Fig. 9 shows a modification to the connector of Fig.s 7 and 8 for use with plain rectangular spacer bar. In this case the side walls 43 and 44 diverge outwardly from the cross-web 41. Thus, as the connector is pushed into the spacer bar the limbs 43 and 44 are deflected inwardly towards a parallel configuration forming an interference connection with the spacer bar. The plastics connector of Fig.s 1 to 5 and 6 could be similarly modified for use with plain rectangular spacer bar.
In the case of the form of spacer known as T-bar (which is generally of T-shaped transverse section), provided there are suitable sloping shoulders, the form of connector shown in Fig.s 1 to 5, 6, or 7 and 8 could be used, but if these are not present a connector (plastics or metal) with divergent limbs could be used.
Metal corner keys can be formed using the same principles as the connectors of Fig.s 7 to 9.

Claims

A connector for joining hollow spacer sections in glazing panels, in which the connector comprises a plug-in portion for insertion into an end of the section,
characterised in that the plug-in portion includes at least one resiliently deformable limb (12, 13) which extends substantially parallel to the direction of insertion of the plug-in portion and is arranged to cooperate with the wall of the section such as to be deformed inwardly thereby and provide an interference action which retains, or assists in retaining, the plug-in portion within the section.
A connector according to Claim 1, in which said deformable limb (12, 13) is connected to the remainder of the plug-in portion along a root region of the limb which extends generally parallel to said direction of insertion.
A connector according to Claim 1 or 2, which comprises a pair of such resiliently deformable limbs (12, 13) which are arranged to co-operate with opposed walls of the spacer section.
A connector according to Claim 3, in which the said limbs (12, 13) are arranged to co-operate with a pair of opposed mutually convergent wall portions of the spacer section.
A connector according to Claim 4, in which said limbs are provided with inclined interference surfaces (17) for contact with said convergent wall portions of the section.
A connector according to Claim 5, in which said inclined interference surfaces (17) are disposed adjacent to free ends of said limbs.
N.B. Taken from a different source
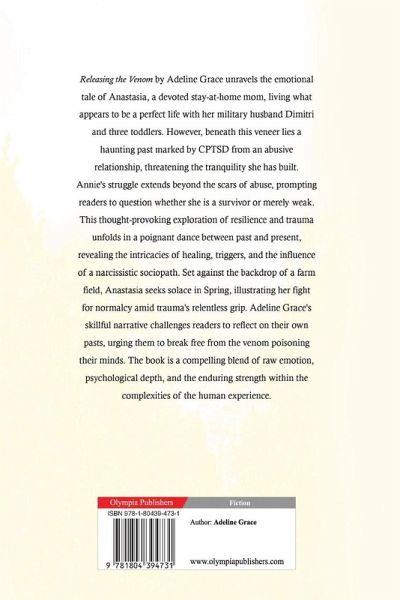 Releasing the Venom by Adeline Grace unravels the emotional tale of Anastasia, a devoted stay-at-home mom, living what appears to be a perfect life with her military husband Dimitri and three toddlers. However, beneath this veneer lies a haunting past marked by CPTSD from an abusive relationship, threatening the tranquility she has built. Annie's struggle extends beyond the scars of abuse, prompting readers to question whether she is a survivor or merely weak. This thought-provoking exploration of resilience and trauma unfolds in a poignant dance between past and present, revealing the intricacies of healing, triggers, and the influence of a narcissistic sociopath. Set against the backdrop of a farm field, Anastasia seeks solace in Spring, illustrating her fight for normalcy amid trauma's relentless grip. Adeline Grace's skillful narrative challenges readers to reflect on their own pasts, urging them to break free from the venom poisoning their minds. The book is a compelling blend of raw emotion, psychological depth, and the enduring strength within the complexities of the human experience.

A connector according to any of Claims 3 to 6, in which said limbs are both connected to a common body portion (11).
A connector according to Claim 7, in which the body portion (11) is in the form of a cross web such that the plug-in portion is substantially of U-shaped transverse cross section.
A connector according to Claim 8, in which the outer surface of the cross web (11) is provided with at least one rib (15, 16) which extends parallel to the direction of insertion of the plug-in portion and is arranged to support the web clear of perforations formed in the wall of the spacer.
A connector according to any preceding Claim, which is moulded of resilient plastics.